Szczeeniak przeszedł operację w Czechach, teraz przebywa w specjalistycznej placówce rehabilitacyjnej.
Po upublicznieniu przez policję wizerunku Bartosza Donarskiego komunikaty o poszukiwaniach mężczyzny zalały media społecznościowe. A pod nimi zaroiło się od komentarzy. Często niecenzuralnych czy wprost grożących poszukiwanemu.
W sobotę pojawiła się informacja, że Bartosz Donarski przebywa w Szkocji. - Szukacie Państwo listem gończym tego typa. Pobił szczeniaka i doprowadził go do paraliżu. Internauci go namierzyli - jest w Szkocji.

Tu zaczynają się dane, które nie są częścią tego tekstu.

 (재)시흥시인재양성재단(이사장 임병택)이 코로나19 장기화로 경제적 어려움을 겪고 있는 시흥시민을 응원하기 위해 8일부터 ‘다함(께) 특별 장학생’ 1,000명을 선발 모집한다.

Oto jego miejsce pracy. Co dalej z tym Państwo zrobią? – pytała na Twitterze Agnieszka Gozdyra, dziennikarka Polsat News.

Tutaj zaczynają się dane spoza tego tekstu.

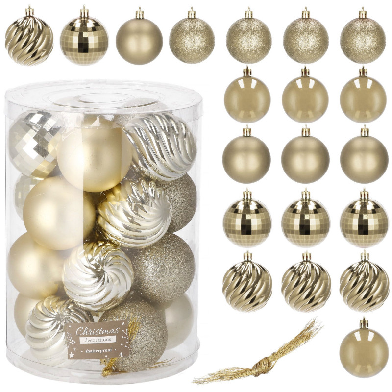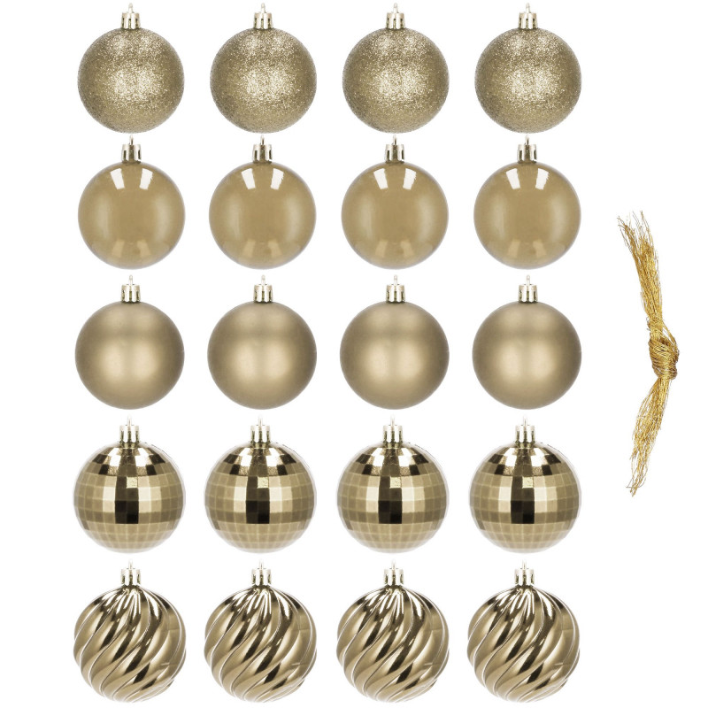 Sada 20 ks zlatých baniek na stromček s piatimi rôznymi vzormi. Priemer banky je 6 cm. Pútko na zavesenie, nerozbitný plastový materiál. Ideálne na výzdobu stromčeka alebo ako vianočné dekorácie. Zadarmo povrázky pre ľahké zavesenie.

Policja odpisała jej, że dziękuje za przekazane informacji. Zapewniła, że już działa. - Współpraca społeczeństwa z policją w takich choćby sprawach, to ani donosicielstwo, ani wyręczanie policji - tak właśnie powinniśmy się wspierać – napisała policja na swoim profilu na Twitterze.
Jeden z internautów napisał nawet do szkockiego pracodawcy poszukiwanego mężczyzny. Ale okazało się, że on już tam nie pracuje.
Wszystko wskazuje na to, że mógł wyjechać ze Szkocji. - Najnowsze info na temat Bartosza Donarskiego, który pobił i okaleczył psie dziecko Fijo. Jak pisze mi p. Patrycja, która prowadzi na FB profil Pomoc dla Fijo, Donarski jednak nie jest w Szkocji. Tam też miał konflikt z prawem. Podobno wrócił do Polski. Szukamy go nadal- napisała wieczorem Agnieszka Gozdyra.